Id. at 480, 130 N.W. at 67.  Pew’s survey utilized an apportionment method for dealing with the plat errors and that allocated the error proportionally to all of the lots on the block.

            The court in Barrett discussed the apportionment rule, holding that it was applicable to “tracts of land subdivided into smaller tracts of specified and uniform dimensions.”   Id. at 485, 130 N.W. at 69.  To apportion the error in the original plat among all the lots corrects the error in the original plat in a manner that makes all lots responsible.  In Barrett, all the lots had a frontage of 25 feet, except one that had a frontage of 75 feet.  Because all the lots were uniform except for the last lot, the Barrett court concluded it was a remnant lot and thus would sustain the burden of the error in the original plat.  Id.
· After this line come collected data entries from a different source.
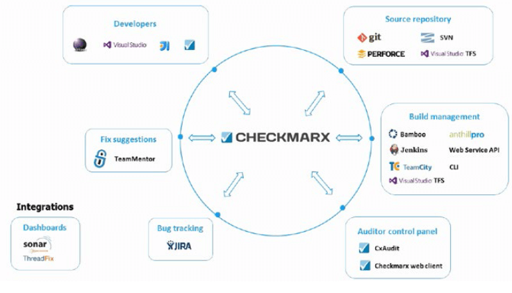 Checkmarx 具有足夠的靈活性與SDLC 無縫接軌,支援最常見的建構伺服器,或者您可以執行簡單的API,以流暢操作簡單的環境,提供優質的SAST(靜態應用程式安全測試, Static Application Security Testing)
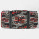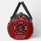 This duffle bag boasts a dynamic pattern featuring an array of red fire trucks with yellow stripes, alongside scattered fire axes. The realistic illustrations are set against a muted background that combines shades of gray and hints of yellow, creating an immersive scene. This design is perfect for those who admire the brave work of firefighters and emergency services. A prominent side pocket, adorned with a red fire department emblem, proudly displays "FIRE RESCUE," "JENNY SAMSMITH," "FIRE DEPARTMENT," and "Vancouver B.C.," creating a personalized and functional item for a firefighter. Personalize with your name and department home town and more. monogram
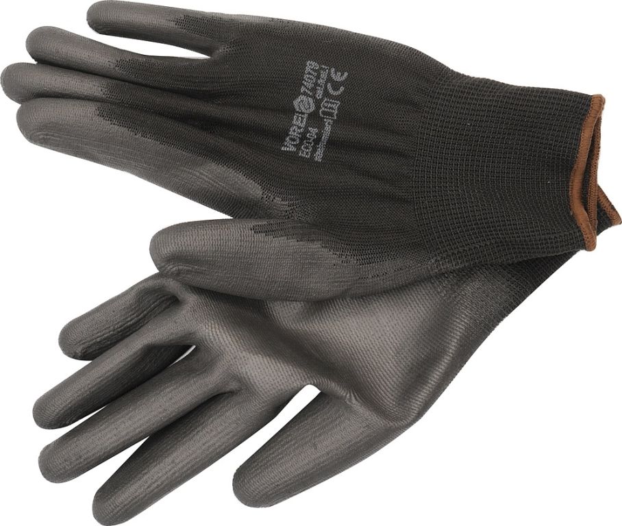 Rukavice jsou zhotoveny z polyesteru (steh 13) potaženého polyuretanem a zakončené odolným lemem.
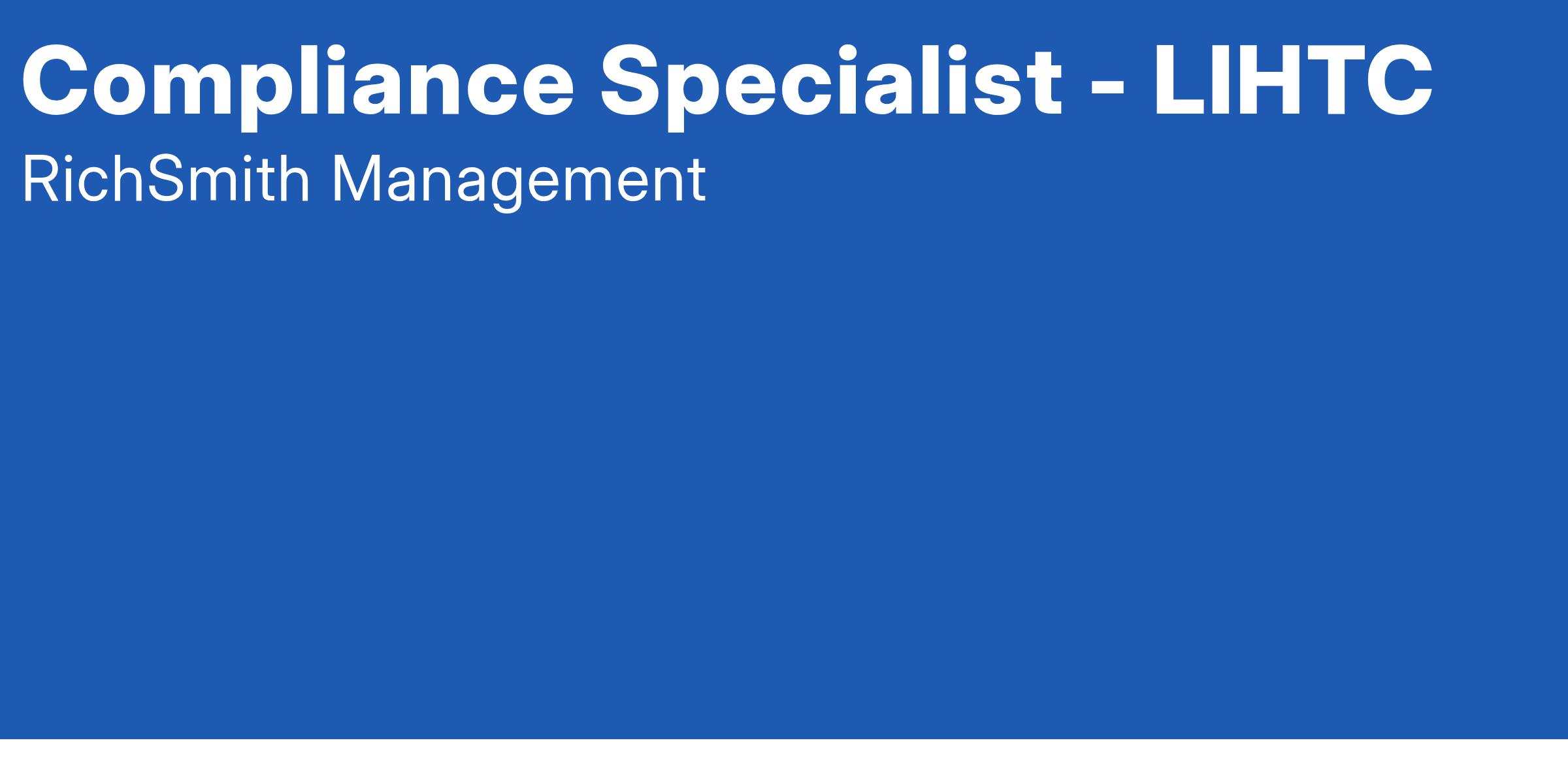 Are you a detail-oriented professional with expertise in compliance for LIHTC residential properties, and NSP programs? Richsmith Management is seeking a Compliance Specialist to join our growing property management company. This role involves performing file audits, advising communities on errors or missing documentation, and ensuring compliance with program guidelines.

In this case, the lots, like those in Barrett, are not uniform in dimension.  Lots one and eleven, like the remnant lot in Barrett, do not have even footage along the abutting streets.  Accordingly, the evidence does support a finding that lots one and eleven are remnant lots and we conclude that the district court did not err when it applied the remnant rule to the facts at hand.

Affirmed.

 



*  Retired judge of the district court, serving as judge of the Minnesota Court of Appeals by appointment pursuant to Minn. Const. art. VI, § 10.

 

** Retired judge of the Minnesota Court of Appeals, serving by appointment pursuant to Minn. Const. art. VI, § 10.